Фекла, избитая, окровавленная, оплеванная некогда верными друзьями, стояла у столба, к которому была привязана.
Услужливые рабочие, еще недавно строившие беседку для дочки богатого горожанина, аккуратно выкладывали хворост и дрова у самого подножия эшафота. И не было ни слез, ни криков о пощаде. Посиневшие от холода губы девушки лишь шептали: «Веруй, и спасешься…»
В упоении своей жестокостью и жаждой кровавого зрелища никто и не заметил, как в считаные минуты небо заволокли черные тучи и на рыночную площадь Иконии упала тень. Никто и не заметил, что в радиусе десяти стадий[10] отсюда день оставался светлым и солнечным.
Римские легионеры окружили место казни плотным кольцом. С уложенного костра начал подниматься едкий густой дым, и первые языки пламени коснулись деревянного настила под ногами Феклы. Тело девушки, привязанной к столбу, выгнулось дугой. «Веруй, и спасешься!»
Гром, оглушающий и страшный, перекрыл дикие вопли зрителей. Молния ослепила первые ряды пришедших на казнь. Поток воды – не дождь, не ливень, целое море воды рухнуло с небес на проклятое место, в мгновение ока затушив разгорающийся под эшафотом костер.
Жаждавшие крови зрители с воплями ужаса кинулись врассыпную, но потоки воды сбивали их с ног и несли в разные стороны от площади. Только римские легионеры, сдвинув щиты, нерушимой стеной стояли в оцеплении места казни. Но возмездие не обошло и их…

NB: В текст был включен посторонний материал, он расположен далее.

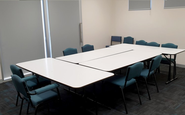 The Joe Walker Meeting Room is a carpeted room which is an ideal space for meetings, interviews, small presentations, training and smaller functions. This space is wheelchair accessible. A kitchenette is attached to the room. It can seat around 15 people.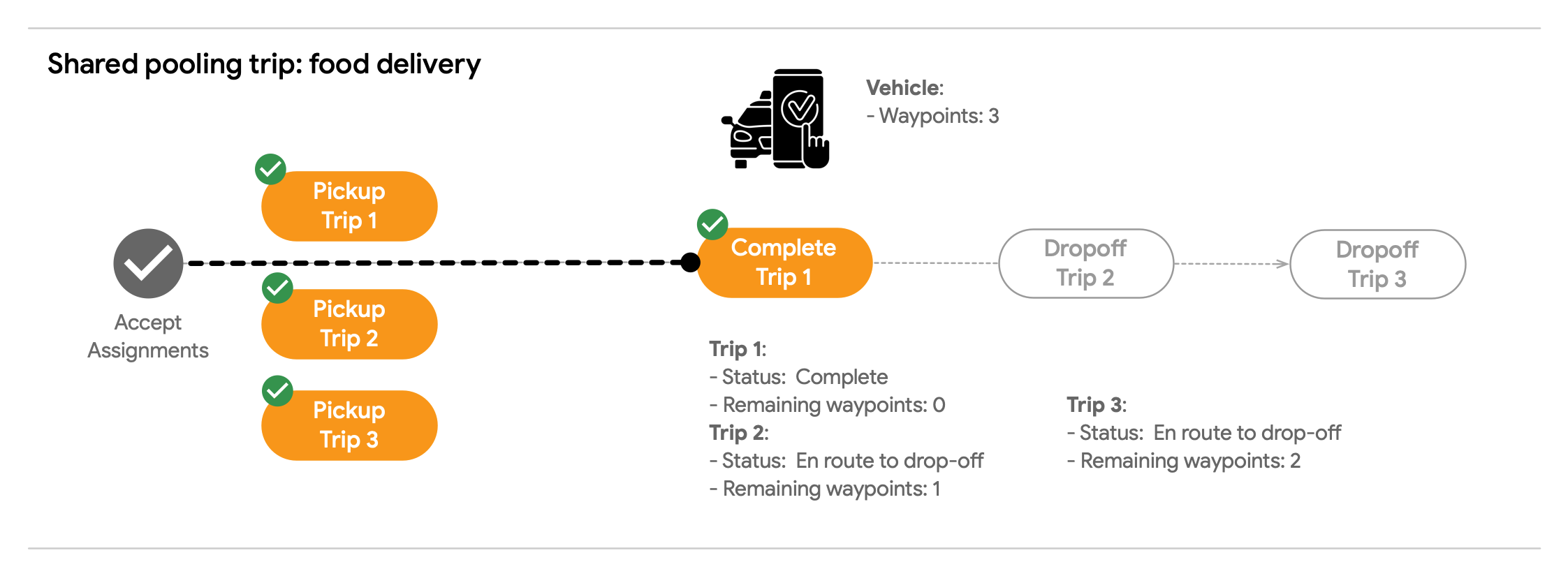 remaining_waypoints的欄位。其中包含車輛必須依序前往的路線點,才能抵達行程的最終下車點。請參閱「行程情境」中的情境。- 對於指派給車輛的單一目的地行程,且該車輛在其行程表中沒有其他行程,則只會包含上車和下車地點,假設車輛未離開上車路徑點。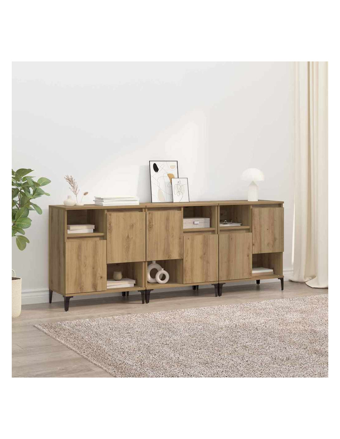 - Materiali di qualità: Realizzata in legno ingegnerizzato, questa credenza è robusta e ha una superficie liscia, quindi è facile da abbinare ai tuoi arredi. È un pezzo che dura nel tempo e offre praticità.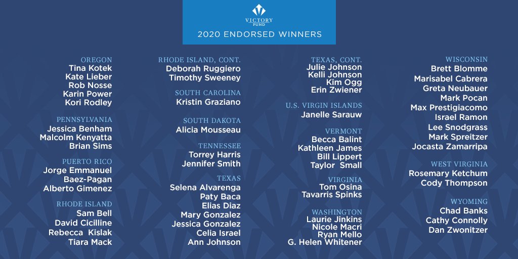 Congratulations to each of the 222 LGBTQ Victory Fund endorsed candidates who were elected to public office in 2020! Your voice matters now more than ever.pic.twitter.com/bqYLGJK6RO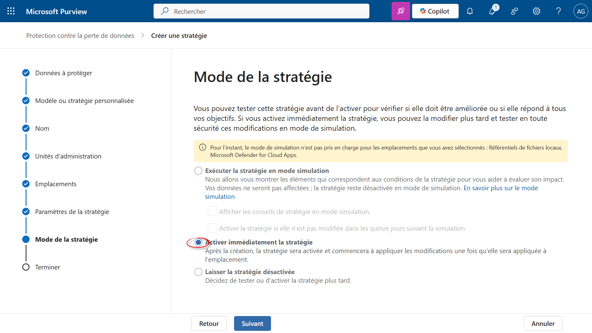 Cliquez sur Suivant jusqu'à l'étape Mode de la stratégie séléctionnez Activer immédiatement la stratégie.

Доселе невиданный град величиной с человеческую голову посыпался из белой тучи, пришедшей на смену черной. От страшных ударов, будто из гигантской пращи, солдаты стали падать на землю один за другим. И те, кто падал, уже не вставали. Паника охватила стройные ряды римлян. Они, как и зрители несколько минут назад, бросились бежать. Первым умчался их отважный трибун Ангустиклавии. Уже никому не было дела до безбожницы Феклы, и никто не увидел, как место у столба опустело. Только в ушах старого безногого нищего, единственного оставшегося на площади и не тронутого возмездием с небес, стояли слова мученицы: «Веруй, и спасешься…»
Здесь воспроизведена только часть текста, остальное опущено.